Another common objective is to query for an Annotation
object which is constrained by its corresponding Scan
in some way. For example:
anns = pl.query(pl.Annotation).join(pl.Scan).filter(pl.Scan.slice_thickness < 1, pl.Annotation.malignancy != 3)
The Annotation
member function, uniform_cubic_resample
, takes a cubic region of interest with the centroid at the center of the volume. The corresponding CT value volume is resampled to have voxel spacing of 1 millimeter and a side length as given by the functions side_length
parameter. Along with the uniformly resampled, cubic CT image volume, a corresponding boolean-valued volume is also returned that is 1 where the nodule exists in the resampled CT volume and 0 otherwise.
import pylidc as pl
import matplotlib.pyplot as plt
from skimage.measure import find_contours
ann = pl.query(pl.Annotation).first()
vol, seg = ann.uniform_cubic_resample(side_length = 100)
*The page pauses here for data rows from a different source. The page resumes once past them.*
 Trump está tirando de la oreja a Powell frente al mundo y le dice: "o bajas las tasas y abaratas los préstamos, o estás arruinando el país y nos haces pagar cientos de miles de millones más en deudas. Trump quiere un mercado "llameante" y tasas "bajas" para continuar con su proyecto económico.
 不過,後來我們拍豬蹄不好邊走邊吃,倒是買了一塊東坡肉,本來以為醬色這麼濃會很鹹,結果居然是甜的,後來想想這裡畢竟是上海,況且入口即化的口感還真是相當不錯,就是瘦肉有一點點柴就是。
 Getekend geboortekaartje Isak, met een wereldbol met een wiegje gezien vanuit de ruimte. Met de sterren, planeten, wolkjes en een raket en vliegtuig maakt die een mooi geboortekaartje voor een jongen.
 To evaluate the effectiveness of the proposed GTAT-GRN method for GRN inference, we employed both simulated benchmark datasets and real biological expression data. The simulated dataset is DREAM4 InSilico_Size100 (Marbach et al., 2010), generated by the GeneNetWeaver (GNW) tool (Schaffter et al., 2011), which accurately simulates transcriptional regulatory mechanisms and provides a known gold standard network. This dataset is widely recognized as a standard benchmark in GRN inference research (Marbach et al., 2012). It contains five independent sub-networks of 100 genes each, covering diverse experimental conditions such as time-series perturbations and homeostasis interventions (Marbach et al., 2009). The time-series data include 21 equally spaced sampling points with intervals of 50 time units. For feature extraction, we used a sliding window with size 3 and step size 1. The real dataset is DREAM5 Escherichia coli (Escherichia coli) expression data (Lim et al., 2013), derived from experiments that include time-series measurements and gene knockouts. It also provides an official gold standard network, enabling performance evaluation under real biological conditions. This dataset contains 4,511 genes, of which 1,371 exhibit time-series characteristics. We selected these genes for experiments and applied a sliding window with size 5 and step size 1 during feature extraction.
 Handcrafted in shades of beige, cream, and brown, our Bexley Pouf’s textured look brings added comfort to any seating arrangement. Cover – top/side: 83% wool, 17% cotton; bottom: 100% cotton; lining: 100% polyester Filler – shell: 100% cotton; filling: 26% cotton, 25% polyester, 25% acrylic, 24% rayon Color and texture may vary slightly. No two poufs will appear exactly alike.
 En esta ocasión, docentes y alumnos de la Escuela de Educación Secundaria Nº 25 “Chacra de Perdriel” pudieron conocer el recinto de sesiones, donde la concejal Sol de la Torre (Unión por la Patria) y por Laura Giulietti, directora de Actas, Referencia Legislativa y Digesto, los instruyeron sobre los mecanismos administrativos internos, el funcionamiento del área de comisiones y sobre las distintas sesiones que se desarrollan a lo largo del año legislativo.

print(vol.shape, seg.shape)
# => (101, 101, 101) (101, 101, 101)
# View middle slice of interpolated volume (pixel spacing now = 1mm)
plt.imshow(vol[:,:,50], cmap=plt.cm.gray)
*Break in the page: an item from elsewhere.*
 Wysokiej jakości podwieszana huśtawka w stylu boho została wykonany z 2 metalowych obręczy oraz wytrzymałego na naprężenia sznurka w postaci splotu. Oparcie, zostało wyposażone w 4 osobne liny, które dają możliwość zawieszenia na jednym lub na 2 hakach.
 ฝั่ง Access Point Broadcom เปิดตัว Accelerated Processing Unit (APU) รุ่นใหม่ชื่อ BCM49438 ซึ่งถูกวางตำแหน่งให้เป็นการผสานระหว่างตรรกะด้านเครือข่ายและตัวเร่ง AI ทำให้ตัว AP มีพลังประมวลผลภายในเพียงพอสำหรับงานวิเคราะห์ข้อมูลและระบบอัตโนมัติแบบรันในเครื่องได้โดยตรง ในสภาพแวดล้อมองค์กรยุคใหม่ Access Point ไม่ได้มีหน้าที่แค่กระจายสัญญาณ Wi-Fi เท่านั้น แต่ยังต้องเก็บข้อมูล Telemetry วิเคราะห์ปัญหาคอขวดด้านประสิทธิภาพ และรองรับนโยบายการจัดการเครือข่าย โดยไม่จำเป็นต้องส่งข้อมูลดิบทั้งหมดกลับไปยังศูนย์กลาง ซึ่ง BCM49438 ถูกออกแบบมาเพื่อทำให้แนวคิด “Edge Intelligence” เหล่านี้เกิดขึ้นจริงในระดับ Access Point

# View middle slice of interpolated segmentation volume as contours
# atop the interpolated image.
contours = find_contours(seg[:,:,50], 0.5)
for contour in contours:
plt.plot(contour[:,1], contour[:,0], '-r')
plt.show()
The LIDC dataset doesn't assign unique global identifiers to the physical nodules. For a given physical nodule, there may exist up to 4 annotations that refer to it. The annotations are anonymous, so even if it is known that 4 annotations refer to the same nodule, it is impossible to tell which annotator provided each annotation across multiple nodules consistently.
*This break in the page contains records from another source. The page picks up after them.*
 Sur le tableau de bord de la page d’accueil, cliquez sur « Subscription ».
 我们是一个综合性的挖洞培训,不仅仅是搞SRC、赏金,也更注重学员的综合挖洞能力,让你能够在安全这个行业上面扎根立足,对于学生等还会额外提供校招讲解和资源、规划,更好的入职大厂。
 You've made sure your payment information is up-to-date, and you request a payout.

However, we can estimate when annotations refer to the same physical nodule in a scan by examining the properties of the annotations and clustering them based on the properties. pylidc
provides a number of distance metrics between annotations based on the annotation contour coordinates. The Scan
model provides a cluster_annotations
function which then clusters annotations by determining the connected components of the adjacency graph associated with a chosen distance-between-annotations metric and a chosen distance tolerance.
Here's an example:
import pylidc as pl
scan = pl.query(pl.Scan).first()
nods = scan.cluster_annotations()
print "Scan is estimated to have", len(nods), "nodules."
for i,nod in enumerate(nods):
print "Nodule", i+1, "has", len(nod), "annotations."
for j,ann in enumerate(nod):
print "-- Annotation", j+1, "centroid:", ann.centroid()
Output:
Scan is estimated to have 4 nodules.
Nodule 1 has 4 annotations.
-- Annotation 1 centroid: [ 331.90680101 312.30982368 1480.44962217]
-- Annotation 2 centroid: [ 328.60546875 309.91796875 1479.73046875]
-- Annotation 3 centroid: [ 327.91666667 309.88293651 1479.01785714]
-- Annotation 4 centroid: [ 332.55660377 313.88050314 1479.94339623]
Nodule 2 has 4 annotations.
-- Annotation 1 centroid: [ 360.81122449 169.19642857 1542.10459184]
-- Annotation 2 centroid: [ 360.82233503 169.21319797 1542.14720812]
-- Annotation 3 centroid: [ 361.05243446 168.86142322 1542.34269663]
-- Annotation 4 centroid: [ 361.25501433 171. 1542.80659026]
Nodule 3 has 1 annotations.
-- Annotation 1 centroid: [ 336.41666667 348.83333333 1545.75 ]
Nodule 4 has 4 annotations.
-- Annotation 1 centroid: [ 340.54020979 245.07692308 1606.14160839]
-- Annotation 2 centroid: [ 341.29061103 244.65275708 1605.90834575]
-- Annotation 3 centroid: [ 341.75417299 244.03490137 1606.95827011]
-- Annotation 4 centroid: [ 341.53110048 245.58532695 1606.5 ]
You can supply annotation clusters (variable, nods
, above) to the scan.visualize
function, and arrows will annotate where the nodules are present in the scan.